Daniel glanced around. Most of the participants looked to be in their twenties and thirties, a third of them women. A few had the whippet leanness of endurance athletes but the majority looked reassuringly ordinary, and uncertain about whether they were in the right place. They glanced at each other shyly.
"Some of you will insist on traversing the Outback on your own, we know, but most of our participants choose to form a small group," Coyle said. "I encourage you to consider it. For ourselves, it simplifies problems of delivery. For you, it enhances the chance of survival. Not to mention the possibility of forming friendships that will last the rest of your lives." He paused to let them consider that.
They looked at each other uncertainly. Who would they get along with? Who could they trust?
"We're also going to subject you to a physical, some inoculations, and a final psychological screening to make sure you're really Outback Adventure material. While some of this may seem intrusive, it's the kind of thing that could save your life in the end. So please, bear with us and accept our judgment."
The group looked surprised. They'd already made their decision and paid a deposit. Now there were last-minute hurdles?
A hand went up. "Did I miss something here?" the person who'd made the earlier quip now caustically asked.
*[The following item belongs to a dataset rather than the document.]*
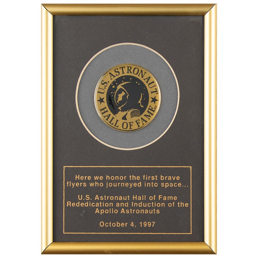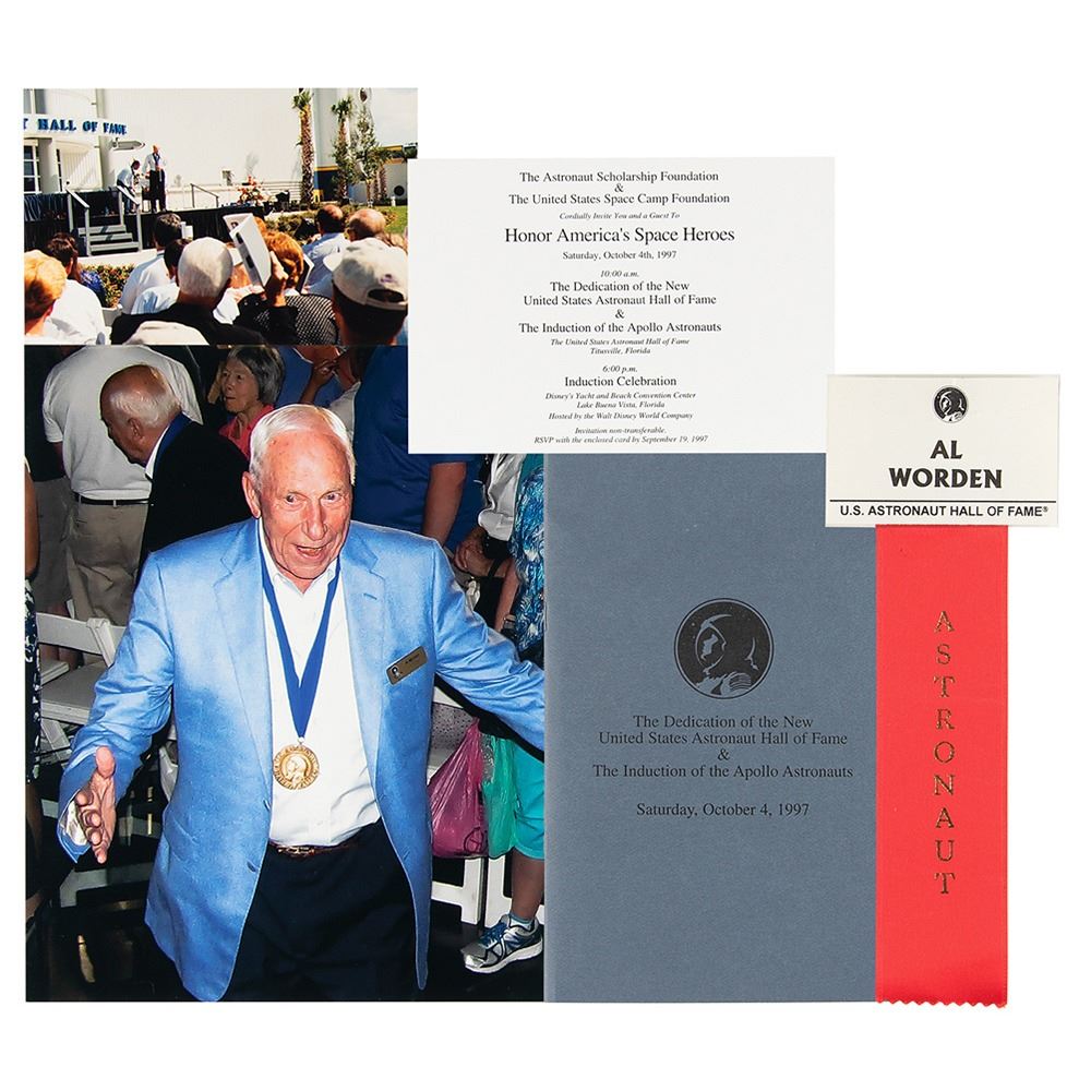 Al Worden's United States Astronaut Hall of Fame plaque presented upon his induction on October 4, 1997, 5.5 x 7.5, featuring a golden "U.S. Astronaut Hall of Fame" medallion with text below: "Here we honor the first brave flyers who journeyed into space‰Û_ U.S. Astronaut Hall of Fame Rededication and Induction of the Apollo Astronauts, October 4, 1997." Includes an "Al Worden, Astronaut" name badge and ribbon from the Hall of Fame, two photos from the event, an original program for the ceremony, and an invitation sent to his daughter. In overall fine condition.
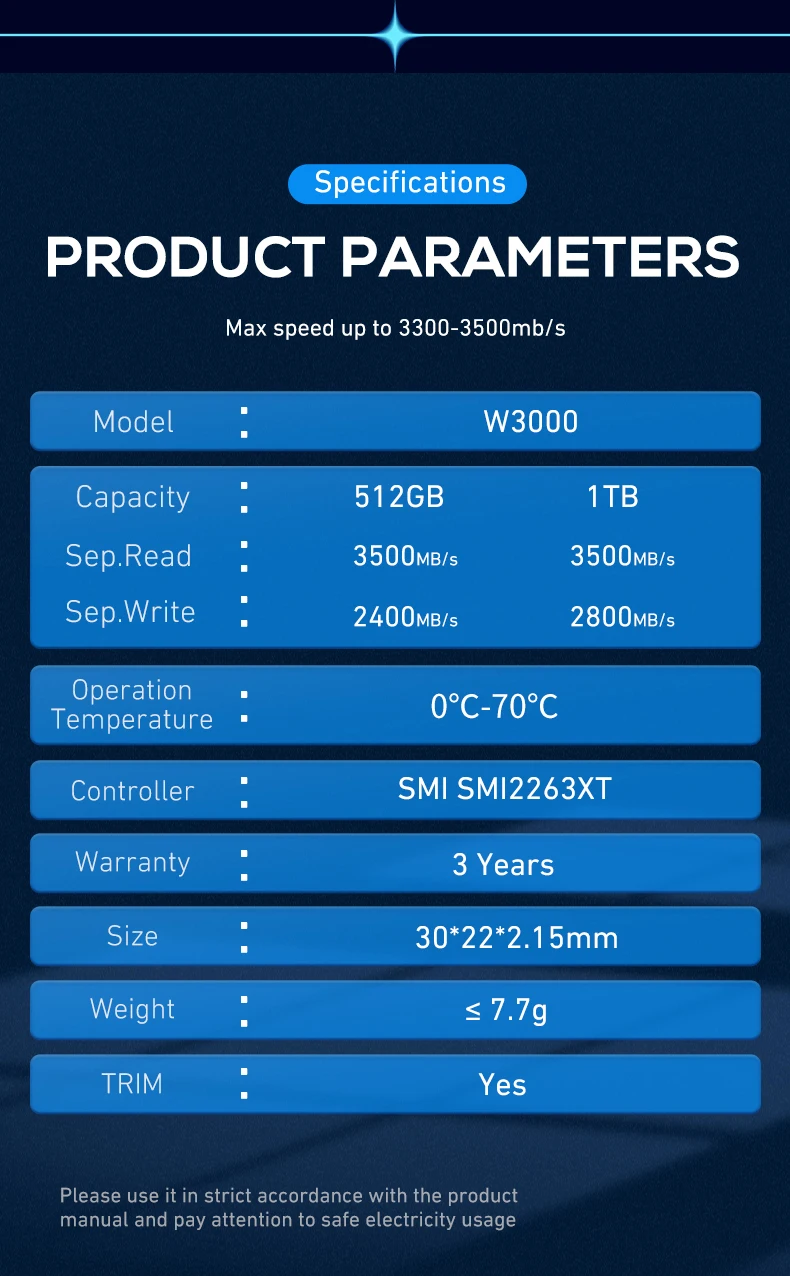 Especificaciones detalladas:Capacidad-1TB / 512GB

Coyle looked at the short, wiry, thin-faced young man raising the question. "Ah yes, Mr. Washington. Ico, isn't it?"
"It is, Elliott." He stood. "So glad you remember me. Now, if I remember correctly, we're paying you. And we have to go through more bullshit tests? Come on! We're ready to go or we wouldn't be here."
Coyle looked at him calmly. "If you're ready, Ico, you won't have any problem with our tests. And if you don't like the Outback Adventure program, then obviously you aren't ready and can expect a full refund." He let his stern gaze pass across the room. "This is your life at stake here. We're not going to put you out there if you don't belong."